AIM OF THE EXERCISE: Pictures in the data below are not part of the copy; transcribe everything else exactly.
Start of DATA EXTRACT
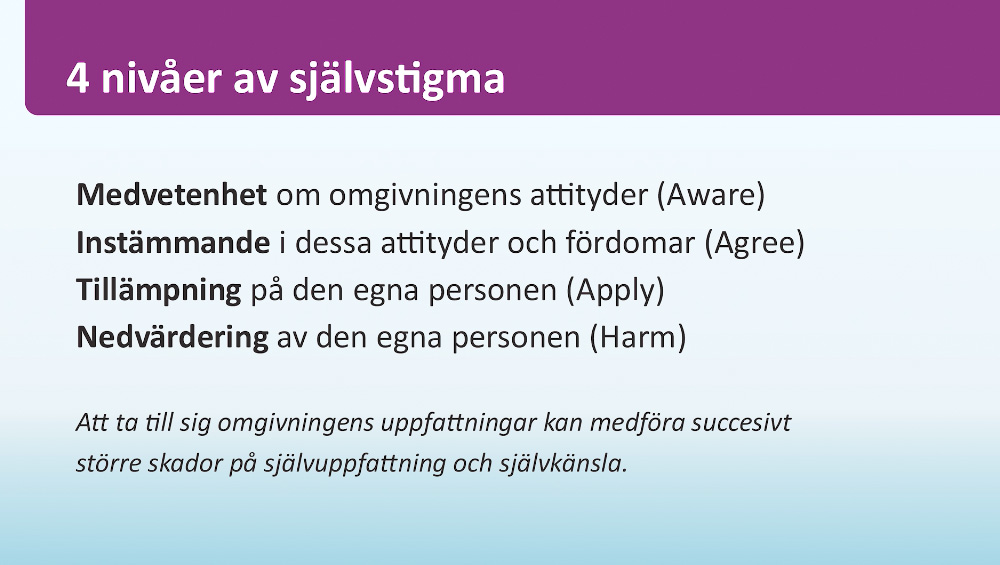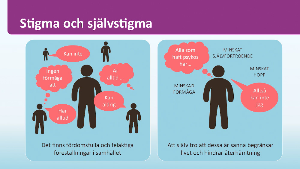 Ett exempel är att en person med schizofreni inte vill bli "stämplad" som schizofren på grund av de negativa associationerna kring sjukdomen. Den rädslan för att bli dömd av samhället gör att många undviker att söka vård eller professionellt stöd, vilket leder till ökat lidande och förvärrade symtom. Utan rätt behandling blir det svårt att hantera sjukdomen, vilket i sin tur kan påverka utbildning, arbetsliv och relationer.
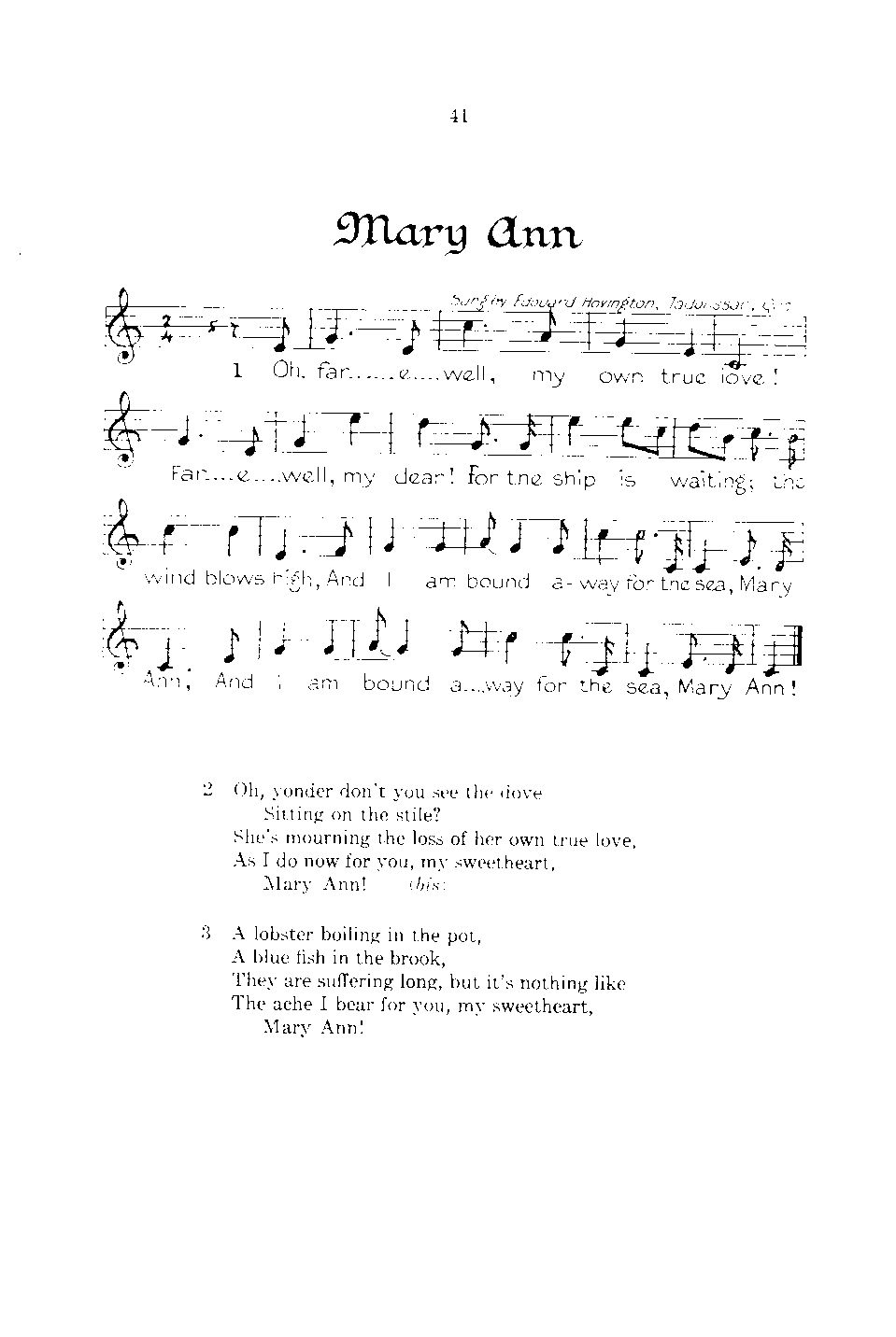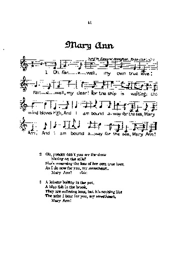 Music and lyrics for Mary Ann, as printed in Come ‘A Singing: Canadian Folk-Songs, Facsimile Edition, compiled by Marius Barbeau, Arthur Lismer and Arthur Bourinot, (Ottawa: National Museums of Canada, 1973), page 41 |
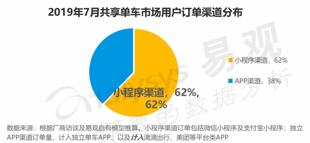 据易观统计,2019年6月,仅38%的共享单车订单来自独立APP端,62%的订单来自小程序渠道(包括微信小程序和支付宝小程序),小程序已成为共享单车行业最大的流量入口。
End of DATA EXTRACT
OUTPUT OF THE EXERCISE:
 Ett exempel är att en person med schizofreni inte vill bli "stämplad" som schizofren på grund av de negativa associationerna kring sjukdomen. Den rädslan för att bli dömd av samhället gör att många undviker att söka vård eller professionellt stöd, vilket leder till ökat lidande och förvärrade symtom. Utan rätt behandling blir det svårt att hantera sjukdomen, vilket i sin tur kan påverka utbildning, arbetsliv och relationer.
 Music and lyrics for Mary Ann, as printed in Come ‘A Singing: Canadian Folk-Songs, Facsimile Edition, compiled by Marius Barbeau, Arthur Lismer and Arthur Bourinot, (Ottawa: National Museums of Canada, 1973), page 41 |
 据易观统计,2019年6月,仅38%的共享单车订单来自独立APP端,62%的订单来自小程序渠道(包括微信小程序和支付宝小程序),小程序已成为共享单车行业最大的流量入口。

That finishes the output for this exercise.